At the basis of these battalions was an operational doctrine patterned after the Dreadwing formations of the 1st legion whom they had often served alongside of during the first and subsequent Rangdan wars. These battalions usually consisted variably of 4 to 7 companies depending upon fighting strength and casualties suffered over the course of their campaigns. Equipped with esoteric wargear and the executors of tactics not often employed by the XIVth at large, these battalions quickly developed a reputation as exemplary eradicators of some of the most deadly and tenacious xenos species yet encountered by the Crusade fleets. At the height of the Great Crusade, there existed at least one Harbinger battalion within each of the Death Guard's great companies, though the unsustainability high attrition rate of men and irreplaceable war material would see this dwindle to just three immediately prior to the outbreak of the Heresy. The replacement and reconstitution of such specialized forces was indeed a goal of Mortarion near the end of the Crusade, though the lack of sufficient stock in the required resources prevented this from occurring, a fact endemic of how thin the legions were stretched in the latter years of the Great Crusade.
While diminished, the remaining Harbinger Battalions continued to maintain a hold on many examples of irreplaceable archeotech and rare prototypes only sparingly seen elsewhere in the Legiones Astartes. Perhaps the deadliest legacy of these formations was the extremely high concentration of exterminatus-class weapon systems for a force of this size, such that the extermination of all life within an entire subsector would be but a fraction of their full capabilities. Even still, sealed records of forgotten campaigns show that the deployment of such weapons of mass destruction by the harbinger battalions was not a rare occurrence. In fact, such devices were often used as an opening salvo to soften up their intended quarry, prior to the commitment of ground forces to eradicate species considered too dangerous for mere planetary containment alone. The fact that many habitable worlds were left toxic, radioactive, and/or psy-unstable wastelands in their wake was considered but a minor price for the Imperium to pay compared to the alternative.

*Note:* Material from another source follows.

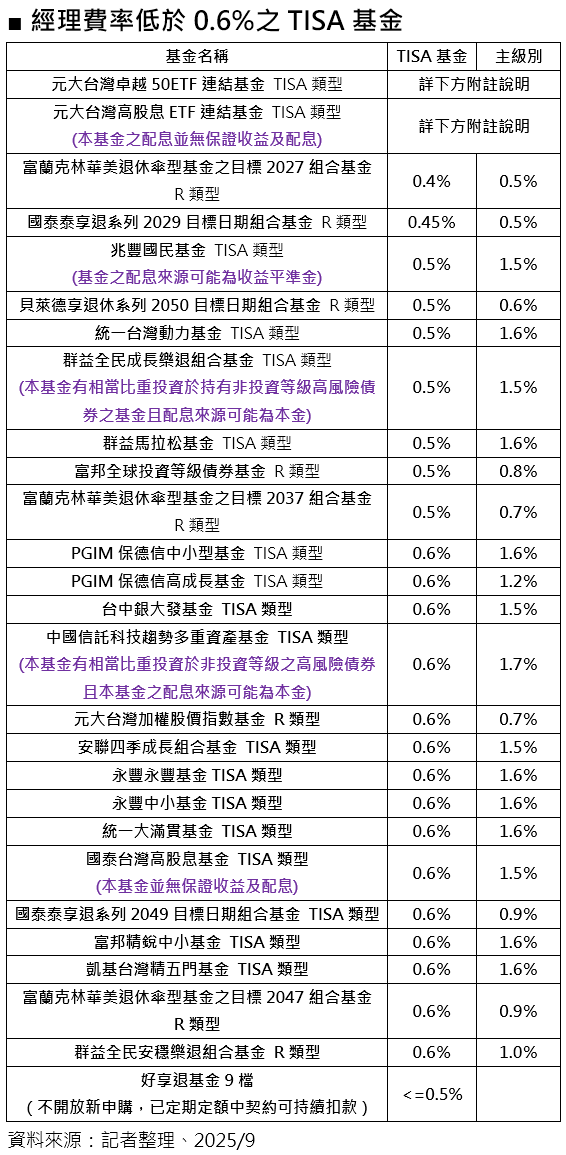 目前基富通上架的TISA基金將近70檔,其中,半數以上基金的經理費率更低於0.6%,甚至媲美ETF。此外,平台上還有「好好退休」專案的境外基金,同樣有專家篩選把關,且經理費率低於1%,投資範圍涵蓋全球股市與產業,補強TISA主要投資國內的不足之處,滿足民眾一站理財的需求。

Regarding the 47th Battalion of the 4th Great Company of the Death Guard Legion, known also by the moniker as the Harvesters of Worlds, it held both the reputation as the second oldest of the harbinger battalions and one of the last three still in existence prior to the Horus Heresy, having accumulated numerous commendations from its many campaigns. At the close of the 31st millennium, the 47th was almost entirely of Barbarus stock, resolute in both its loyalty to their primarch for liberating them from the monstrous Overlords, and of their resulting utter hatred of non-human life. Often deployed on extended missions to distant warzones, over its many decades of existence the 47th had grown to be a fairly insular group of warriors with a unique, but intensely grim culture by the standards of outside observers. Perhaps it was the mental scars of their experiences, or the nihilistic acceptance of a probable early demise, the warriors of the 47th were an exceptionally reserved group. They paid little heed to those accolades bestowed upon them by other members of the legion who knew little of what the 47th had wrought. Such trivialities were meaningless to warriors who steeped so heavily in the calculus of death.